Posted : 09/04/2026 4:52 pm
jabdoa
(@jabdoa)
New Member
Topic starter answered:
RE:

 

Posted by: @ofiros

Hi @jobda

I'm having similar issues with the Core One constantly dropping off from PrusaLink and PrusaConnect and the only thing that can be done at that point is reset the printer (which I unfortunately need to do manually and be near the printer for that) -
It's a real pain - I would love to know if you manage to solve this (I too tried adding routers, hotspot, relocating my printer - nothing worked)

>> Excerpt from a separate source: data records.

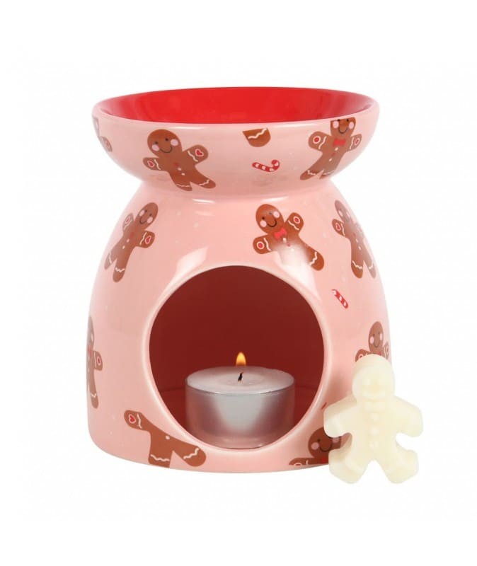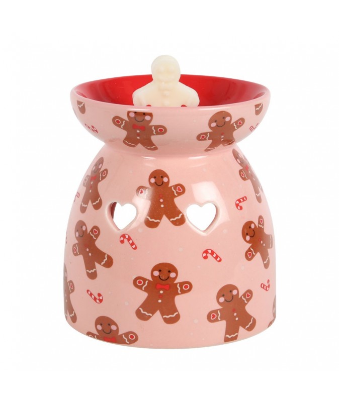 Un bonhomme en pain d'épices souriant orne ce brûle-parfum en céramique rose. Rehaussé de minuscules cannes de bonbon et d'un bol rouge, ce style festif sera un incontournable pour parfumer votre intérieur pendant les fêtes de fin d'année.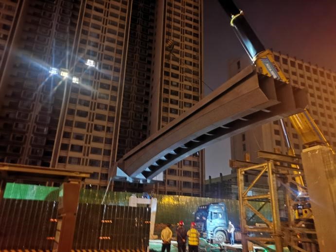 十四項目部承建的文興路匯豐南街人行天橋工期緊、任務重,項目部科學組織施工,合理安排工期,于9月16日晚完成鋼箱梁主體吊裝,目前正在進行橋面鋪裝作業。施工中,為保障工程總體進度及減小周邊交通影響,項目部決定箱梁運輸及吊裝施工均在夜間實施,并只在主橋鋼箱梁吊裝時全部封閉機動車道。吊裝作業時,安排專人統一指揮吊裝作業,嚴格要求吊裝操作人員掌握安全技術操作規程及遵守“十不吊”原則,全力保障箱梁吊裝施工安全順利推進。同時,由于濱河東路翠鑫路天橋所處地段原因,項目部在前期樁頭施工中,采用鋼板樁支護的方式有效解決現場沙土質容易產生塌方的情況,為實現節點目標打下堅實基礎,該天橋正在進行鋼箱梁焊接施工。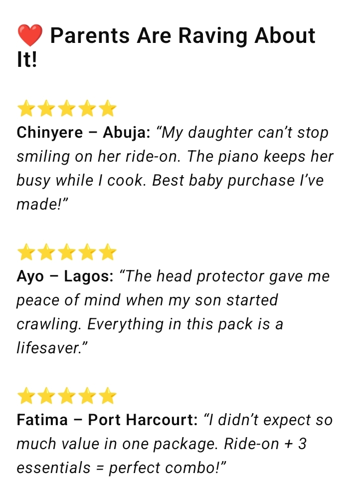 Unlike ordinary ride-on toys, this comes bundled with Premium Baby Care Add-Ons,carefully chosen to make parenting easier:

but on the main topic, I'm also trying to better integrate and automate my spoolman with Prusa ecosystem, every solution suffer it's own issues and in general it requires a lot of tinkering - I much rather implement an extension to Prusa slicer and have Prusa dev team approve that

I solved the connectivity issue in the meantime. I was using ethernet on my printer and it periodically dropped out. It turns out this was caused by Wifi. Even if you switch to ethernet that Wifi module stays connected and it seems to have issues with my network. They are currently sending me a new module. I guess this is more of a software problem but I get that they want to rule out any hardware defects. Without wifi its 100% stable for me. Steps to take: Reset network config and then do not setup Wifi.

I started to implement some Prusa Connect extensions (see https://github.com/jabdoa2/prusaconnect-essentials ). I also looked into all the available APIs. It seems out best call is the following:

1. Get jobs + gcode from PrusaConnect
2. Setup syslog via ethernet on the printer (can be done in G-Code from the Slicer)
3. During print listen to syslog + metrics
4. We will see filament runout (as injected G-Code) and can react accordingly.
4a) We account this filament change
4b) We either get the used filament from G-Code (straightforward to parse). Getting the exact position is a bit tricky but possible.
       Option 1: We use the metric "sdpos" which gives us the current bytes in the file. We got the file so we should be able to find the line. This is easy in theory but I did not yet find a way to reliably jump to a specific byte in compressed "bgcode". In normal gcode files that is almost trivial. This would require some engineering for bgcode but would be possible.
       Option 2: We use the metric "cmdcnt" which gives us the index of the executed command since printer start. We need to store the offset when the print start to get the current one but with that its easy for gcode and bgcode. We might be off by a few commands due to injected commands (i.e. filament runout) but that does not matter in reality.
      Alternatively we use the PrusaConnect material_quantity API. Currently only works for one extruder though.
5) All we would need now is a GUI. I personally don't like to build GUIs. Maybe we can hook into PrusaConnect via a userscript in the browser and just extend the existing UI there. I don't like to jump to a separate tool. Should not be very hard to do.

Even if this is not a solution for eternity (what is anyway) it will at least show how this could look in PrusaConnect.